Appellants, Sylvester and Mamie Lue Hayes, appeal the district court’s granting of summary judgment in favor of appellee, Nissan Motor Car Carrier Co., Ltd. (Nissan), on their claim for injuries Sylvester Hayes incurred resulting from an accident aboard a vessel Nissan time chartered. 622 F.Supp. 1554. We affirm.

Facts

The M/V TAKARA is owned by Partrederieni Takara, managed by Wilh Wilhelm-sen Enterprises, Ltd., and at the time of the accident, was time chartered by Nissan. On July 5, 1979, the day of the injury, the M/V TAKARA docked at Jacksonville, Florida, at 1:20 a.m. The doors of the vessel were opened by 1:30 a.m., and longshoremen employed to unload the vehicles aboard began entering the vessel about 8 a.m. Sylvester Hayes slipped on hydraulic fluid which was located on the entry deck of the vessel just inside the door. The fluid had leaked from the hoses of the hydraulically-operated cargo doors of the vessel, and not from the vehicles being unloaded. The Hayeses brought suit against the owners, the manager, and the time charterer — Sylvester Hayes for the injuries he sustained, and Mamie Lue Hayes, his wife, for loss of consortium. The Hayeses entered into a settlement agreement with the owner and the manager; thus, Nissan, the time charterer, remains the only party to this lawsuit.

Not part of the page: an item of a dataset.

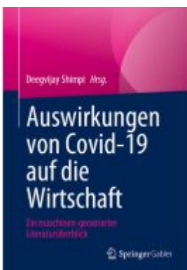
Auswirkungen von Covid-19 auf die Wirtschaft Ladenpreis: 61,68EUR

The district court granted Nissan’s motion for summary judgment, and this appeal followed. For purposes of our review, we assume, as did the district court and the parties, that the fluid leaked from the hoses when the cargo doors were opened, and it was on the deck prior to the longshoremen boarding the vessel.

Discussion

The 1972 amendments to the Longshoremen and Harbor Workers’ Compensation Act provide a right of action to longshoremen injured due to negligence of a vessel. 33 U.S.C.A. § 905(b) (West 1986). The term “vessel” includes the vessel’s owner as well as the time charterer. 33 U.S.C. § 902(21); see also Mallard v. Aluminum Co. of Canada, Ltd., 634 F.2d 236, 242 n. 5 (5th Cir.), cert. denied, 454 U.S. 816, 102 S.Ct. 93, 70 L.Ed.2d 85 (1981). For the purposes of summary judgment, the parties stipulated to facts which constitute negligence on the part of the Master and crew for failure to warn the longshoremen of the fluid on the deck, or to remove the fluid. Nissan is answerable for Hayes's injuries under 33 U.S.C. § 905(b) only if negligence against it can be separately established. Haluapo v. Akaski Kaiun, K.K., 748 F.2d 1363, 1365 n. 2 (9th Cir. 1984). The dispositive issue, therefore, is whether the negligence of the Master and crew is attributable to Nissan.

Clause 8 of the charter party provides: That the Captain shall prosecute his voyage with the utmost dispatch, and shall render all customary assistance with the ship’s crew and boats. The Captain (although appointed by the Owners), shall be under the orders and directions of the Charterers as regards employment and agency; and Charterers are to load, stow, trim, lash, unlash, and discharge the cargo at their expense under the supervision of the Captain, who is to sign Bills of Lading for cargo as presented, in conformity with Mate’s or Tally’s Clerk receipts.

The Second Circuit had occasion to interpret the legal significance of an identical clause 8 of a charter party in Fernandez v. Chios Shipping Co., Ltd., 542 F.2d 145 (2d Cir.1976). In Fernandez, a longshoreman was injured when a pallet, which was used to unload cargo, came apart spilling cargo on him. The court declared, “[w]hen Clause 8 shifts the responsibility of proper discharge of cargo to the charterer, that responsibility includes whatever damage results from improper discharge, whether to the cargo or to the personnel unloading it.” 542 F.2d at 152. The court then found that the injury was caused by improper discharge of cargo, and it held the time [1559]*1559charterer liable to indemnify the owner pursuant to clause 8.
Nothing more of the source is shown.